Moreover, the IMF emphasized that tokenized environments execute transactions across shared ledgers operating in multiple jurisdictions simultaneously. Their nature raises policy issues, particularly on how authorities can exercise crisis resolution and management. Their fragmented nature, smart contract logic, and decentralized governance designs could trigger jurisdictional conflicts, delay intervention, or lead to paralysis in critical moments when timely, decisive action is needed.

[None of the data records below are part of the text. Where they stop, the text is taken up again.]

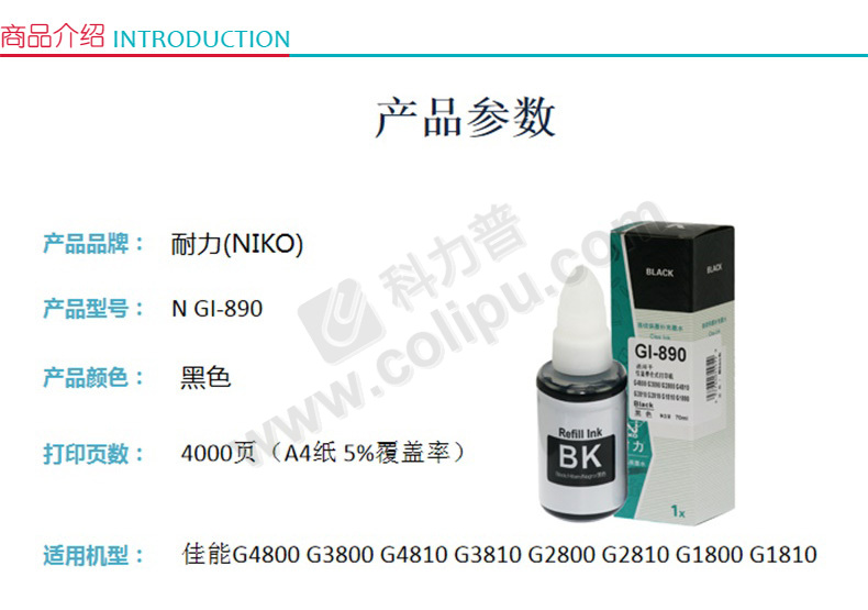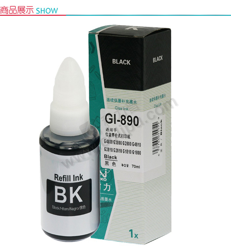 耐力NIKO连供墨水GI89070ml黑色适用于佳能/CanonCLP连供墨水 自营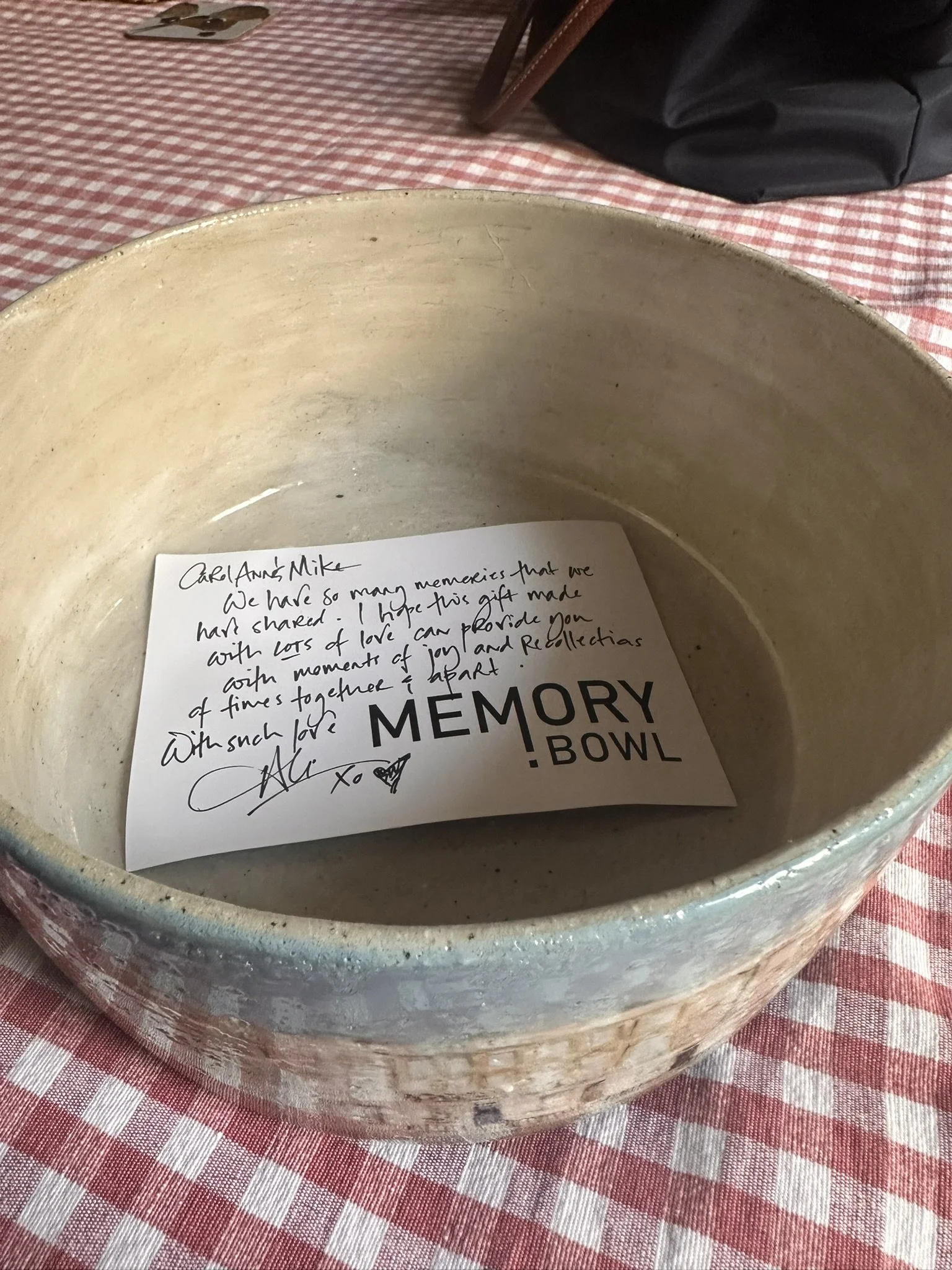 “To CC - Your gift is the most thoughtful and personal gift anyone has ever given me. You understand my connection to my land and the importance of it to me and my family. The memories in the pottery can be passed on for generations......it’s the best gift I have ever received from AA.”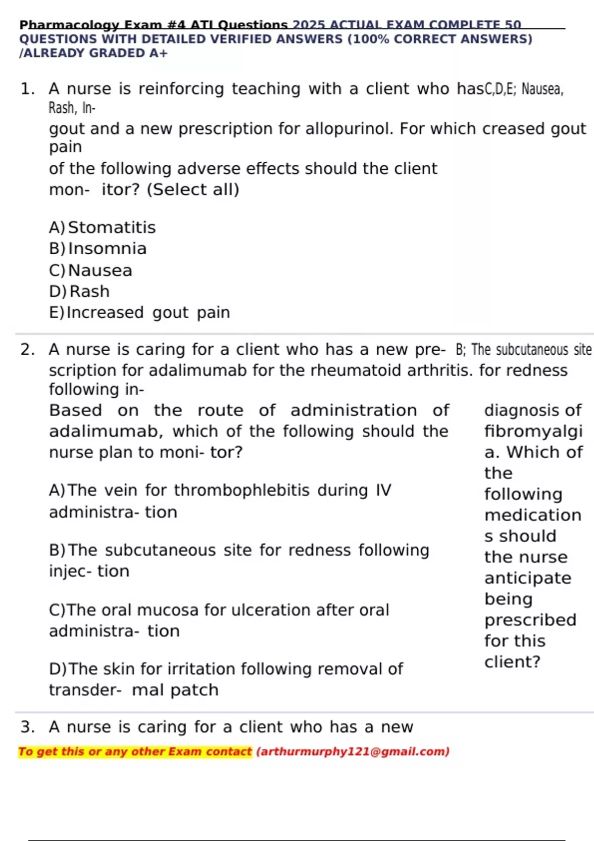 Pharmacology Exam #4 ATI Questions 2025 ACTUAL EXAM COMPLETE 50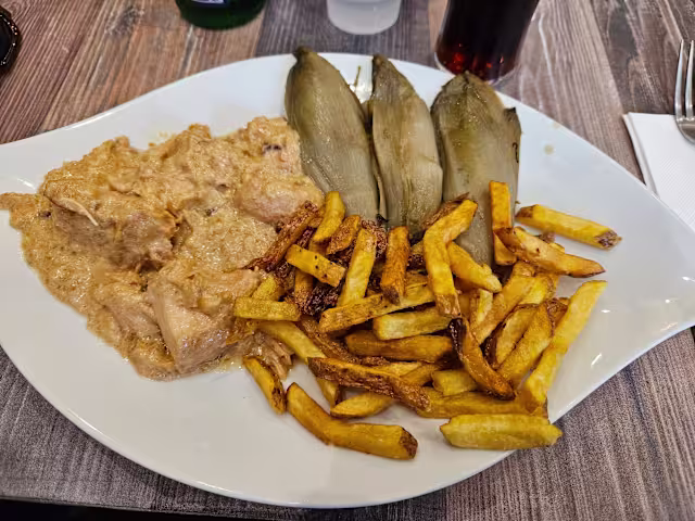 - Le traditionnel émincé de poulet au maroilles ou miel/moutarde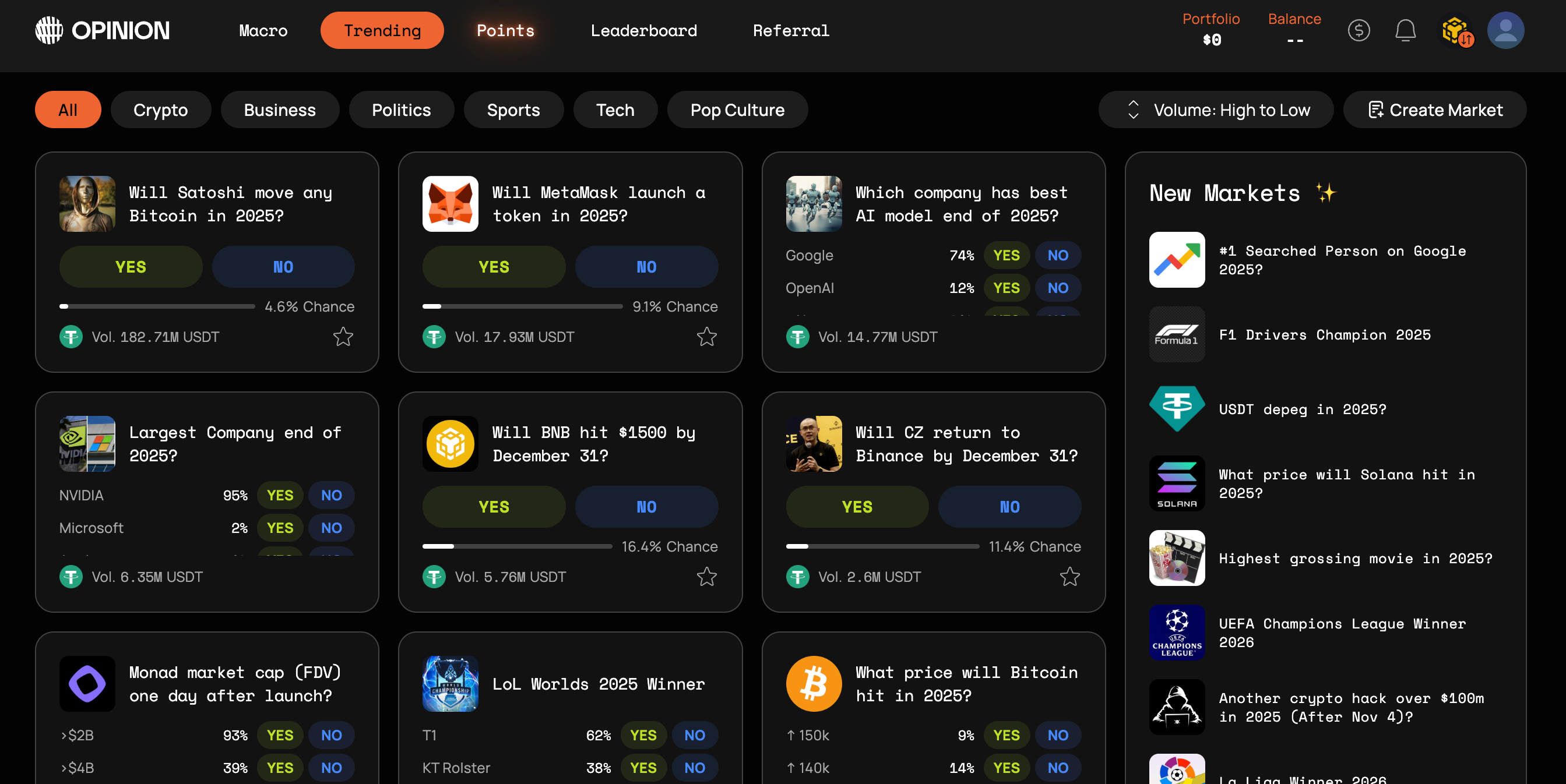 Today, Opinion Labs opened access to the platform for all users! We can place bets on popular events and earn points. 100,000 points will be distributed weekly. You must have at least $200 trading volume to earn points.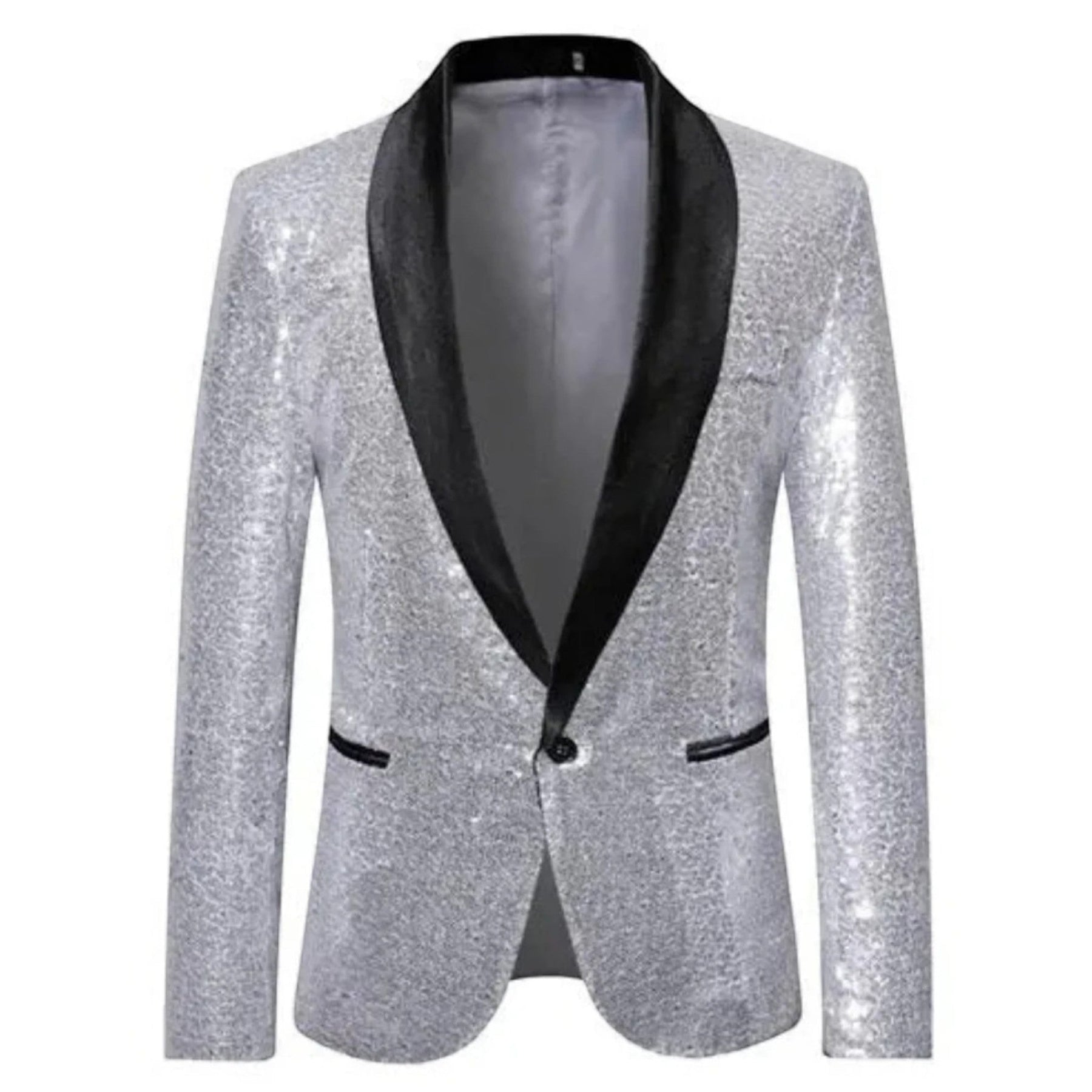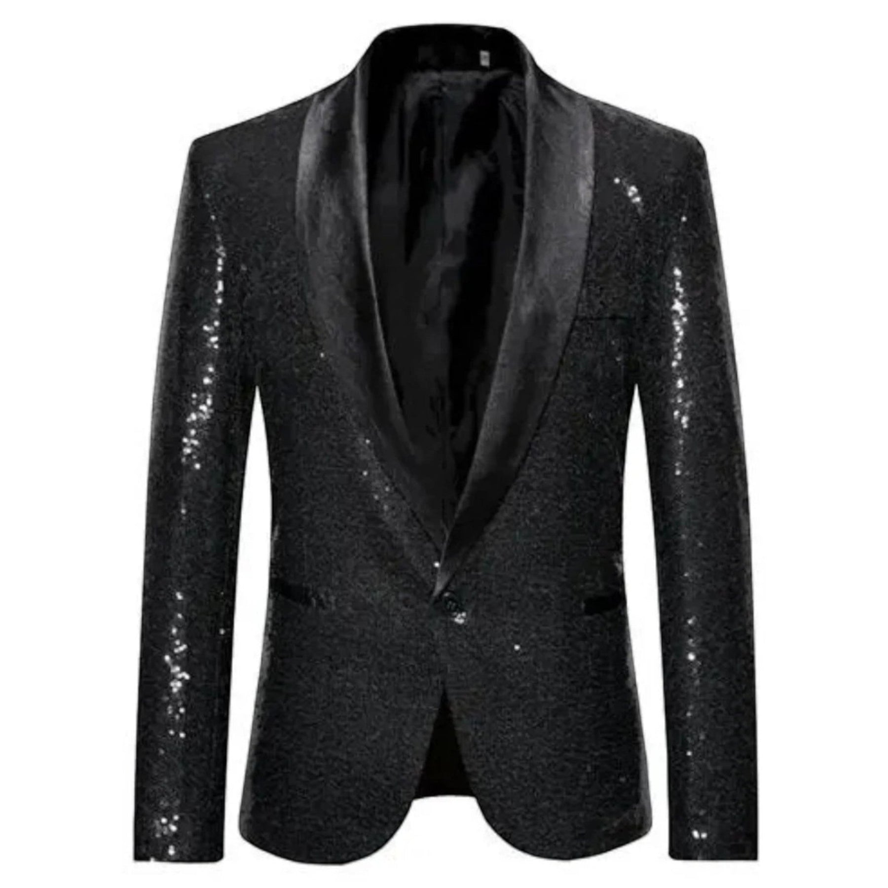 Der Herren Paillettenblazer | Formal ist ein Herrenblazer mit Pailletten-Details, gestaltet für formelle Outfits. Das Modell zeigt klare Linien und ein schlichtes Design. Der Blazer lässt sich vielseitig kombinieren, zum Beispiel mit Hemden, Hosen oder Krawatten, und passt zu unterschiedlichen festlichen oder geschäftlichen Anlässen.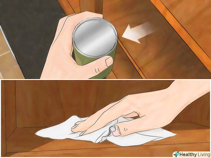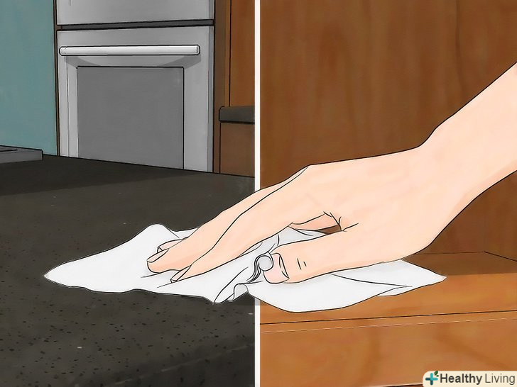 Витріть пил, підмітіть, пропилососьте і вимийте підлогу з ганчіркою. тепер потрібно витерти звільнилися поверхні, плиту і підлогу. Спочатку витріть пил і протріть всі поверхні, потім підмітіть підлогу, пропилососьте і помийте його ганчіркою.- Ганчірка або волоть добре зберуть пил, проте частина пилу може потрапити на підлогу. Не забудьте протерти шафки зверху.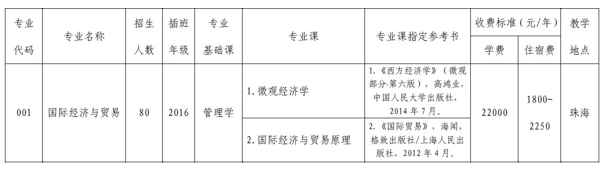 2018年北京理工大学珠海学院本科插班生招生专业目录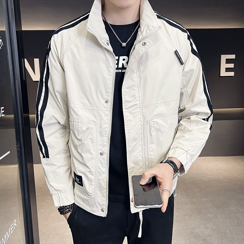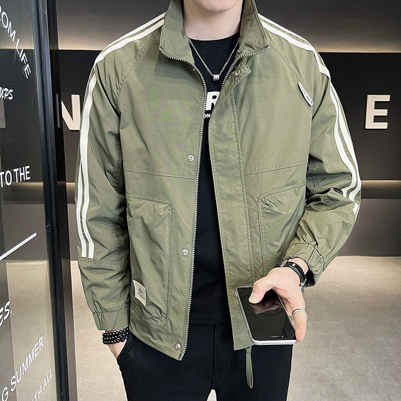 봄과 가을 남성 코트 트렌디 한 올 매치 남성복 2024 새로운 작업복 컬러 매칭 탑 옷 파일럿 재킷 남성

Lastly, the international body noted that jurisdictions with inadequate regulatory safeguards for RWAs, especially in emerging and developing economies, could be heavily exposed to the destabilizing effects of tokenized finance during crises. Poor regulations increase the risk of volatile capital flows, rapid currency substitution, and erosion of monetary sovereignty. It pointed out that stablecoins, in particular, could gain significant adoption in areas with less developed financial systems and weaker domestic currencies.
Recommendations
The IMF enumerated several ways to address or significantly mitigate the risks presented by tokenized finance. One is anchoring settlements in safe money, through tokenized interbank money, such as a Wholesale Central Bank Digital Currency (wCBDC), to minimize credit and liquidity risk. Another is implementing unified global standards for crypto markets featuring “same activity, same risk, and same regulatory outcomes.”
Furthermore, the IMF recommended aligning legal frameworks with technological innovation and adoption, enforcing international coordination and interoperability, and establishing robust liquidity and crisis management standards.
The international organization considers the aforementioned factors as the foundational pillars of a stable and efficient tokenized financial system. It urged tokenized finance implementers to have sustained engagement with the public and private sectors across jurisdictions to ensure the smooth execution of risk mitigation measures in RWAs.